### What to work on
Omit all pictures, then repeat the listing exactly.

### Records for the exercise
◆ ◆ ◆ ◆ ◆ ◆ ◆
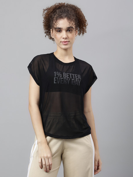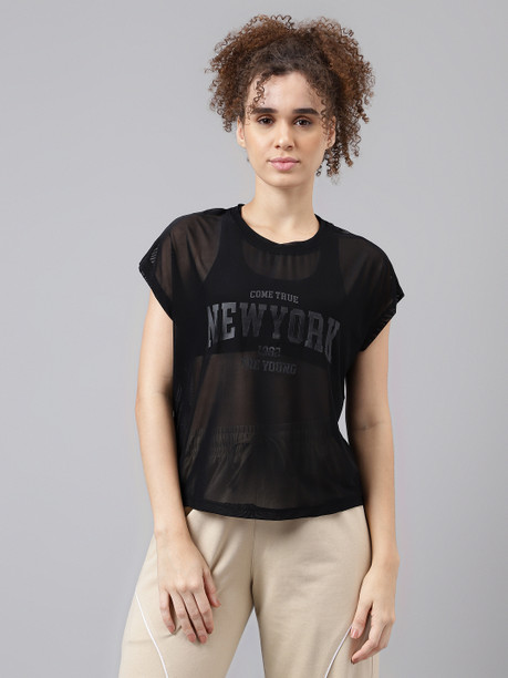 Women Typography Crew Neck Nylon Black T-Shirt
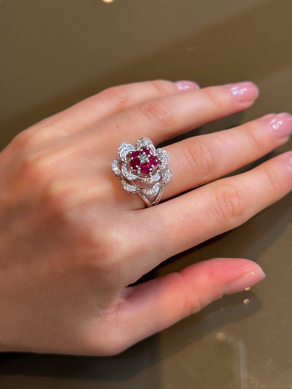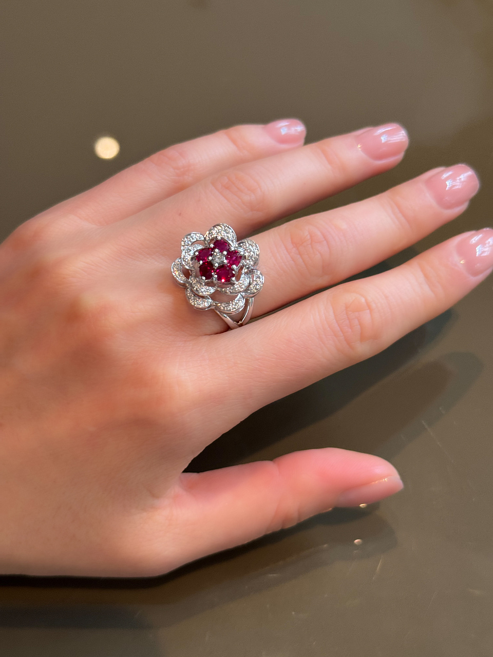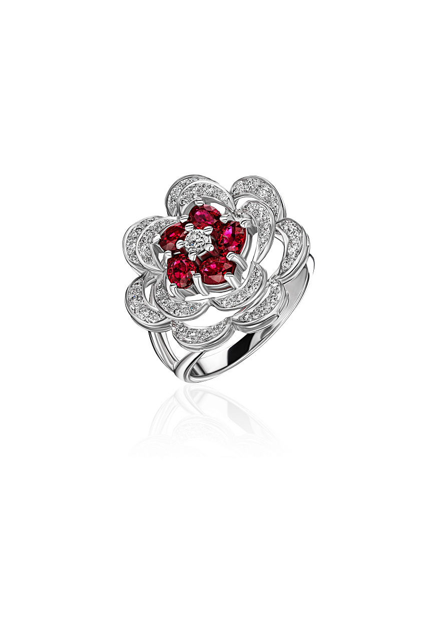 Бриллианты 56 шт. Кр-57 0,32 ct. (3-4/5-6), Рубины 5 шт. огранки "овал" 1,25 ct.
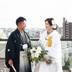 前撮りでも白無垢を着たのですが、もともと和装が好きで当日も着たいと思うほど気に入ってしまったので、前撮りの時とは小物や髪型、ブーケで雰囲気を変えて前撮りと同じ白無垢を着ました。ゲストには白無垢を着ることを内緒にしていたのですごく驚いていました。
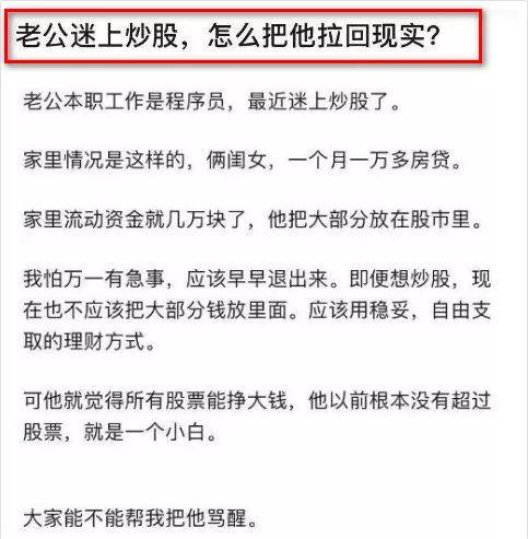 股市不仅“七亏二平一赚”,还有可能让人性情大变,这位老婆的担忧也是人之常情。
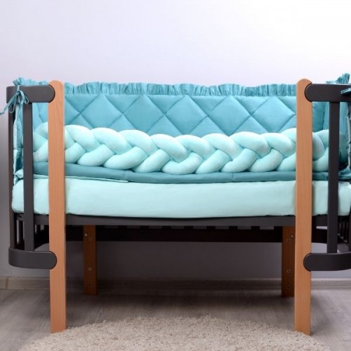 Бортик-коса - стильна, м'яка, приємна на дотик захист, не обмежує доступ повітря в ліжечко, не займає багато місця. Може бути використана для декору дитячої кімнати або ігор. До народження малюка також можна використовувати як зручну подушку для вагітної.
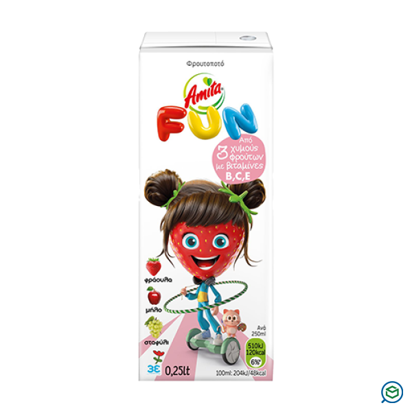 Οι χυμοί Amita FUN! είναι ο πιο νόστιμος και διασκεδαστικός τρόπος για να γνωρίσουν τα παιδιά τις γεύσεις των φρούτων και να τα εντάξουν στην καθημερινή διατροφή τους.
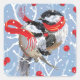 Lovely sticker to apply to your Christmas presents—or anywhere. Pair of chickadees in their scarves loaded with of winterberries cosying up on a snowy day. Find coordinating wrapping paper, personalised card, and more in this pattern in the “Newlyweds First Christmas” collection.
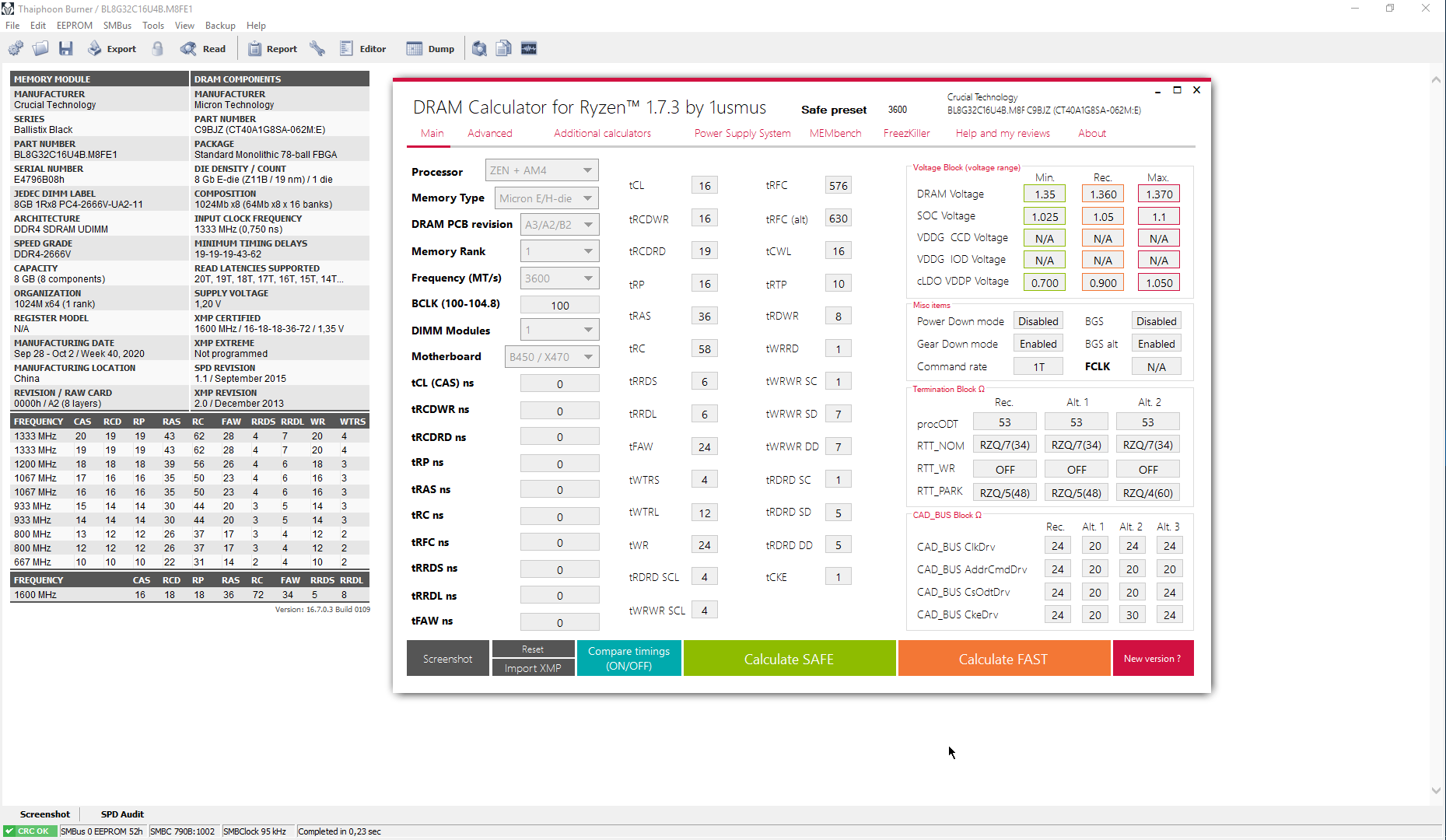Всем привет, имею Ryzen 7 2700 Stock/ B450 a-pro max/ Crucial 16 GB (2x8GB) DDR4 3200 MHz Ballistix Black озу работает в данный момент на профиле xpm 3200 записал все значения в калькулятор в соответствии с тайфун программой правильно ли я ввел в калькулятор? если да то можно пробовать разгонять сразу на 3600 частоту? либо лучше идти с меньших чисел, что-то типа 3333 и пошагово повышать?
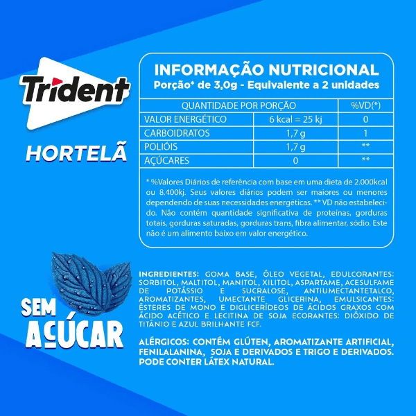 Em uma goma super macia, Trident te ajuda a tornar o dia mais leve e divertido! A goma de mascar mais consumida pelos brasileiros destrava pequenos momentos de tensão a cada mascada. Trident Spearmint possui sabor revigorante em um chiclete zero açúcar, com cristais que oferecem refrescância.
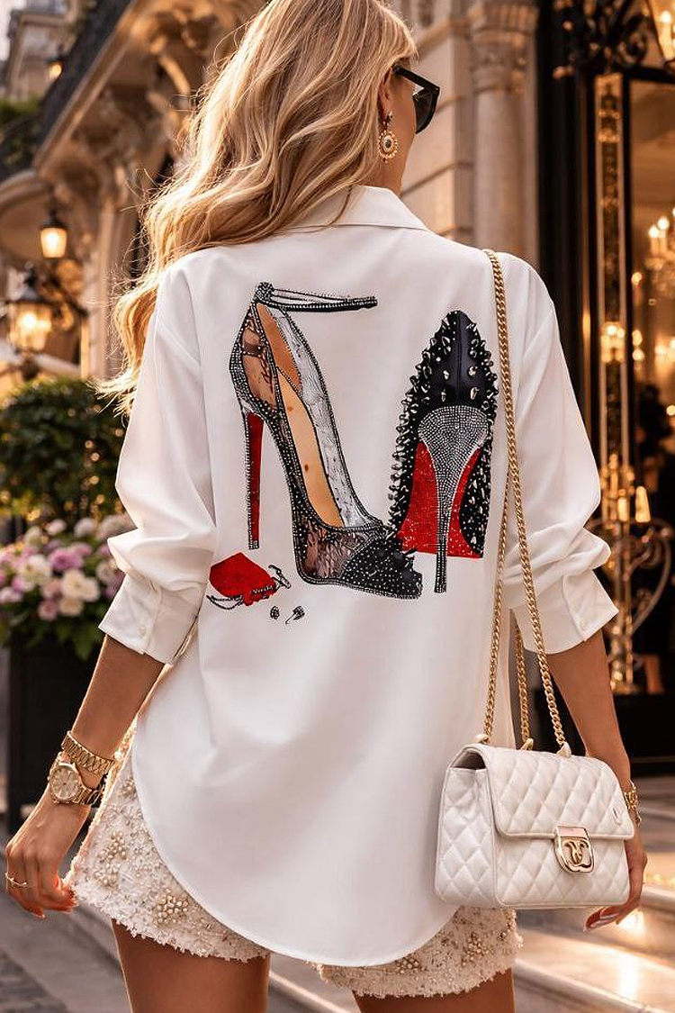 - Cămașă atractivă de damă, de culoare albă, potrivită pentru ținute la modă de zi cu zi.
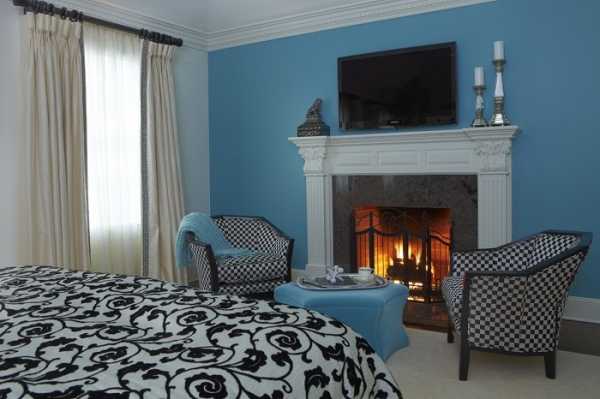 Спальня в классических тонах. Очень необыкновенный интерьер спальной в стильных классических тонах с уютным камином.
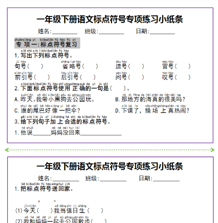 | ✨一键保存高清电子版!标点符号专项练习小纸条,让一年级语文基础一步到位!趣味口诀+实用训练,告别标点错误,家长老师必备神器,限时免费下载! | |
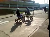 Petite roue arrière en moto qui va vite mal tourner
◆ ◆ ◆ ◆ ◆ ◆ ◆
### Solution
 Women Typography Crew Neck Nylon Black T-Shirt
 Бриллианты 56 шт. Кр-57 0,32 ct. (3-4/5-6), Рубины 5 шт. огранки "овал" 1,25 ct.
 前撮りでも白無垢を着たのですが、もともと和装が好きで当日も着たいと思うほど気に入ってしまったので、前撮りの時とは小物や髪型、ブーケで雰囲気を変えて前撮りと同じ白無垢を着ました。ゲストには白無垢を着ることを内緒にしていたのですごく驚いていました。
 股市不仅“七亏二平一赚”,还有可能让人性情大变,这位老婆的担忧也是人之常情。
 Бортик-коса - стильна, м'яка, приємна на дотик захист, не обмежує доступ повітря в ліжечко, не займає багато місця. Може бути використана для декору дитячої кімнати або ігор. До народження малюка також можна використовувати як зручну подушку для вагітної.
 Οι χυμοί Amita FUN! είναι ο πιο νόστιμος και διασκεδαστικός τρόπος για να γνωρίσουν τα παιδιά τις γεύσεις των φρούτων και να τα εντάξουν στην καθημερινή διατροφή τους.
 Lovely sticker to apply to your Christmas presents—or anywhere. Pair of chickadees in their scarves loaded with of winterberries cosying up on a snowy day. Find coordinating wrapping paper, personalised card, and more in this pattern in the “Newlyweds First Christmas” collection.
Всем привет, имею Ryzen 7 2700 Stock/ B450 a-pro max/ Crucial 16 GB (2x8GB) DDR4 3200 MHz Ballistix Black озу работает в данный момент на профиле xpm 3200 записал все значения в калькулятор в соответствии с тайфун программой правильно ли я ввел в калькулятор? если да то можно пробовать разгонять сразу на 3600 частоту? либо лучше идти с меньших чисел, что-то типа 3333 и пошагово повышать?
 Em uma goma super macia, Trident te ajuda a tornar o dia mais leve e divertido! A goma de mascar mais consumida pelos brasileiros destrava pequenos momentos de tensão a cada mascada. Trident Spearmint possui sabor revigorante em um chiclete zero açúcar, com cristais que oferecem refrescância.
 - Cămașă atractivă de damă, de culoare albă, potrivită pentru ținute la modă de zi cu zi.
 Спальня в классических тонах. Очень необыкновенный интерьер спальной в стильных классических тонах с уютным камином.
 | ✨一键保存高清电子版!标点符号专项练习小纸条,让一年级语文基础一步到位!趣味口诀+实用训练,告别标点错误,家长老师必备神器,限时免费下载! | |
 Petite roue arrière en moto qui va vite mal tourner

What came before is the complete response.